── Input records
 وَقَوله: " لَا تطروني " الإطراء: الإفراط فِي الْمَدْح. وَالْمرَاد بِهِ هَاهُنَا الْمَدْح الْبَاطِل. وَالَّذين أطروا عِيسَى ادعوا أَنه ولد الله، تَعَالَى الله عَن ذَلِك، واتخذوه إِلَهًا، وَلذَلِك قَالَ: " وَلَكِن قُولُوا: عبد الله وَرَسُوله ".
────
── Input records
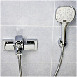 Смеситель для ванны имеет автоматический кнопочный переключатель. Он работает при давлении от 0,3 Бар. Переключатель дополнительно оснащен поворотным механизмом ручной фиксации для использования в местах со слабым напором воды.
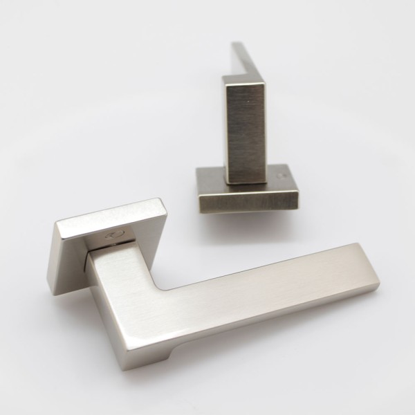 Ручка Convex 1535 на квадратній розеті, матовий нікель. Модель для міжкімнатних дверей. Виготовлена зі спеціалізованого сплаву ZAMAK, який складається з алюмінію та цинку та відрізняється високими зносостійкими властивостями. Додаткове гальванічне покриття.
────
Your answer is the exact run of lines above from the one with "Смеситель для ванны" through the one with "Ручка Convex 1535", both ends included, minus any picture.

 Смеситель для ванны имеет автоматический кнопочный переключатель. Он работает при давлении от 0,3 Бар. Переключатель дополнительно оснащен поворотным механизмом ручной фиксации для использования в местах со слабым напором воды.
 Ручка Convex 1535 на квадратній розеті, матовий нікель. Модель для міжкімнатних дверей. Виготовлена зі спеціалізованого сплаву ZAMAK, який складається з алюмінію та цинку та відрізняється високими зносостійкими властивостями. Додаткове гальванічне покриття.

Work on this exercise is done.